Listed entries:
--- START ---

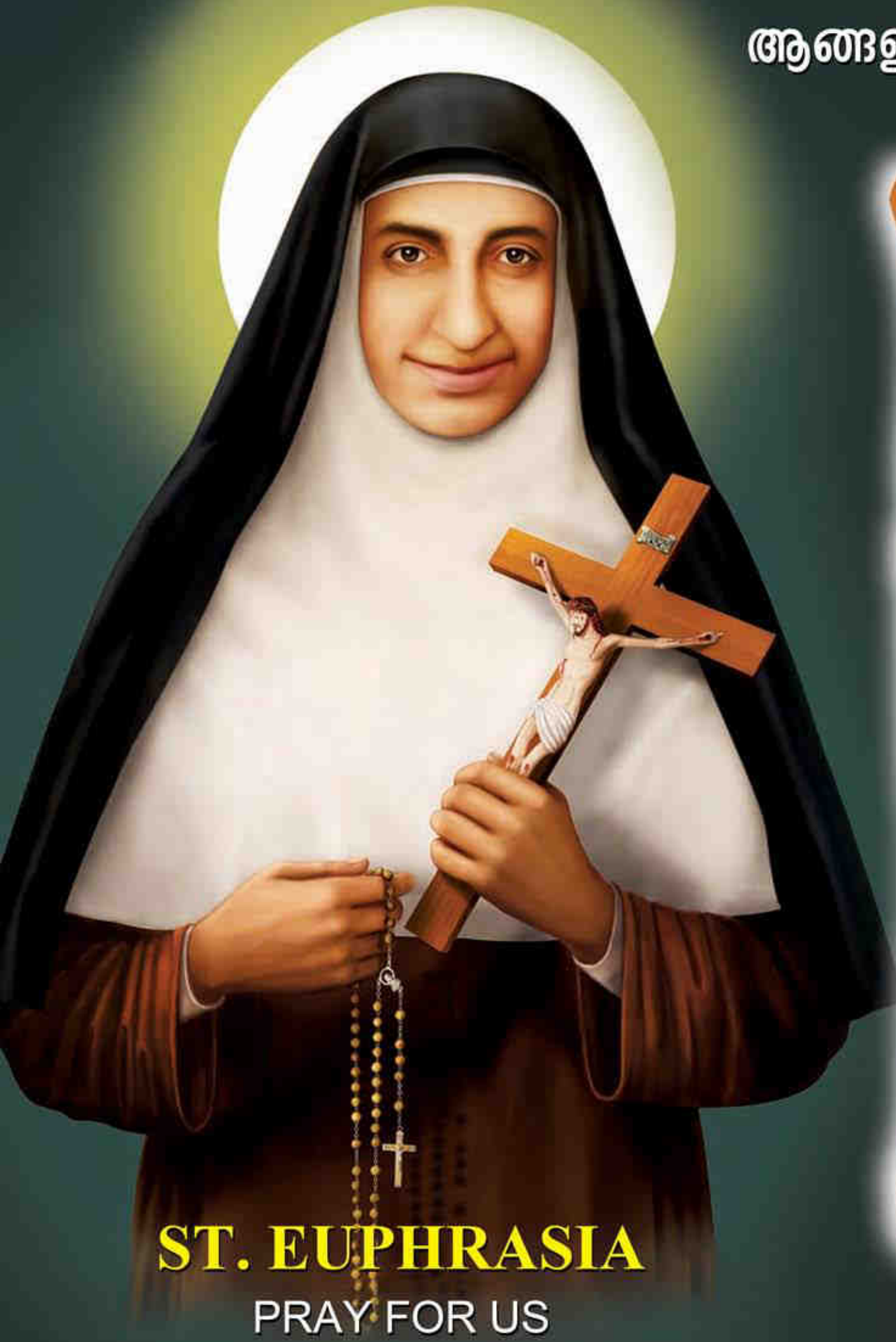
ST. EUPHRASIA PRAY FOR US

--- END ---
--- START ---

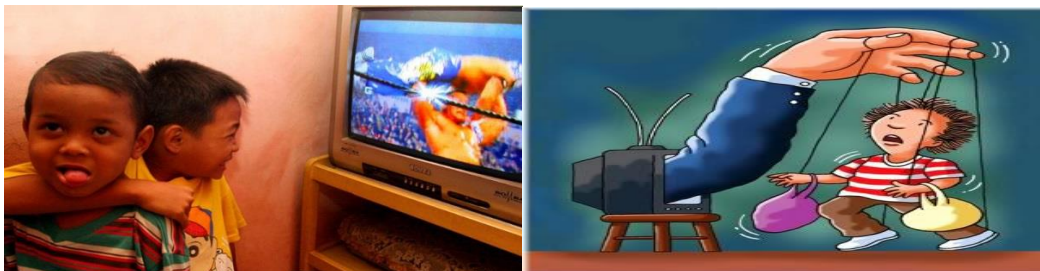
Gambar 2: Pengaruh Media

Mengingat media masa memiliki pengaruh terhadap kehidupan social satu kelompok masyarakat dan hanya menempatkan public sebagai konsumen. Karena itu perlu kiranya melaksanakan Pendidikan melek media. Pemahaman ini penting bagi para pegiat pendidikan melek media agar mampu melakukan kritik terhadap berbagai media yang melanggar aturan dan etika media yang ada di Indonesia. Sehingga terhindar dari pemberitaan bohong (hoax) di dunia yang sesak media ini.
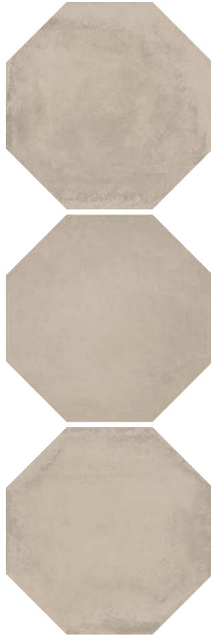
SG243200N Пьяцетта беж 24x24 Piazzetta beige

--- END ---
--- START ---

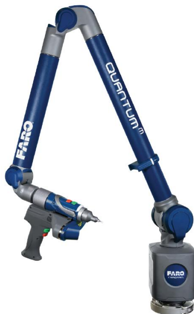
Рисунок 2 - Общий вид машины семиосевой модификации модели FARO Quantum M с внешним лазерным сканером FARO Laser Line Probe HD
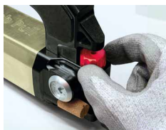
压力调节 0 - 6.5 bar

--- END ---

Prompt:
What lines above run from the one with "Рисунок 2 - Общий" to the one with "压力调节 0 - 6.5 bar"? Give them again exactly, ends included, and leave the pictures out.

Completed task:
Рисунок 2 - Общий вид машины семиосевой модификации модели FARO Quantum M с внешним лазерным сканером FARO Laser Line Probe HD
压力调节 0 - 6.5 bar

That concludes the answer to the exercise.